Luc Jacquet présente son nouveau film : L’Empereur !

Publié par Cécile Champion le 16 février 2017 | Maj le 4 juin 2017

L'empereur

Lundi soir avait lieu la table ronde avec Luc Jacquet qui nous présentait son nouveau film : L’Empereur. Lambert Wilson, aussi présent, est la voix off de ce nouveau DisneyNature

L’Empereur, l’appel de l’Antarctique

Douze ans après le succès de La marche de l’Empereur, Luc Jacquet réalise un second film à propos des manchots du continent austral. On pourra y suivre les aventures d’un jeune manchot qui se prépare à son premier voyage. Nous observerons comment il se débrouillera pour survivre et rejoindre l’océan, traversant diverses épreuves pour accomplir son destin.

Les images sont à couper le souffle, immersives et totalement engageantes. On peut ressentir le froid dans lequel l’équipe a dû tourner, à travers des scènes glaciales et paisibles.
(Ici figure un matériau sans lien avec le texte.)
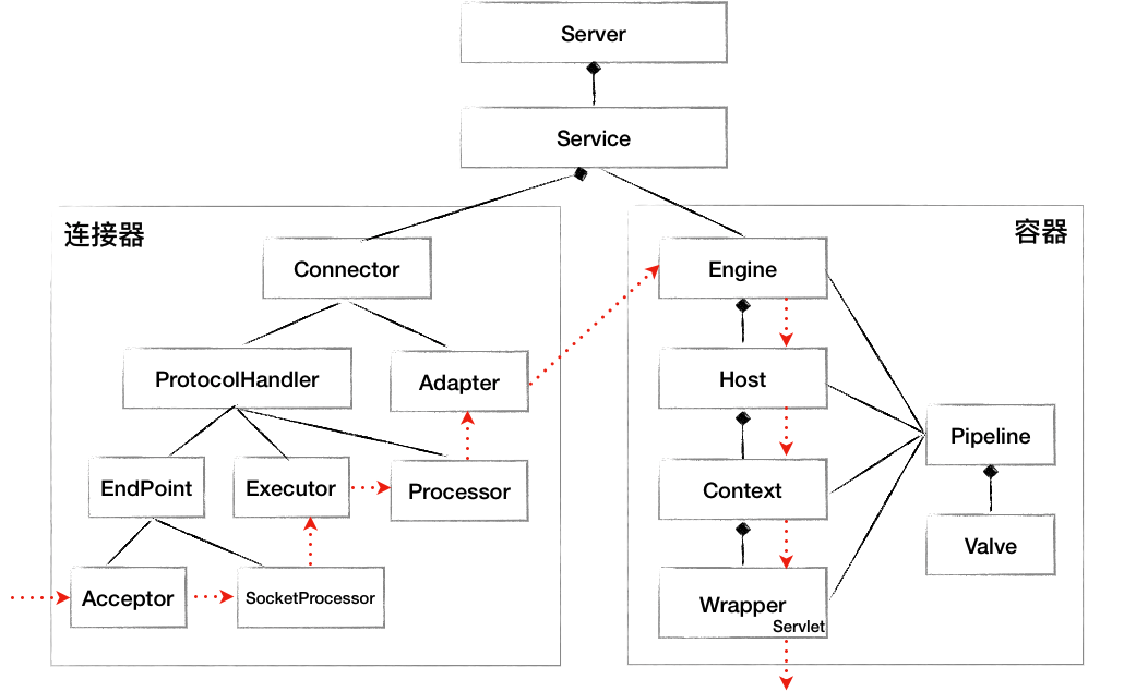 从图中我们看到,EndPoint 接收到 Socket 连接后,生成一个 SocketProcessor 任务提交到线程池去处理,SocketProcessor 的 Run 方法会调用 HttpProcessor 组件去解析应用层协议,Processor 通过解析生成 Request 对象后,会调用 Adapter 的 Service 方法,方法内部通过 以下代码将请求传递到容器中。

Tout comme les autres Disneynature, on s’attache et un lien se crée avec le petit.

« Cet appel secret, cet instinct qui permet à l’Empereur de réaliser le prodige d’être vivant là où plus personne d’autre ne vit […]. Je ne l’avais pas perçu lorsque j’avais écrit « La Marche de l’Empereur. Cette fois j’ai côtoyé les Empereurs avec un regard apaisé, disponible, et j’ai été bouleversé par le magnétisme de l’Appel« , confie Luc Jacquet.

Interview de Luc Jacquet et de Lambert Wilson

Le réalisateur Luc Jacquet et Lambert Wilson, prêtant sa voix au film

Pouvez-vous nous faire le constat entre 2005 avec la Marche de l’Empereur et L’Empereur tourné l’année dernière ? 

Luc Jacquet : On savait ce qu’il se passait. Que le réchauffement était opérationnel avec des fontes absolument colossales. Ça va très vite, on avait +20° avant-hier par rapport aux moyennes normales en Antartique ; donc c’est considérable.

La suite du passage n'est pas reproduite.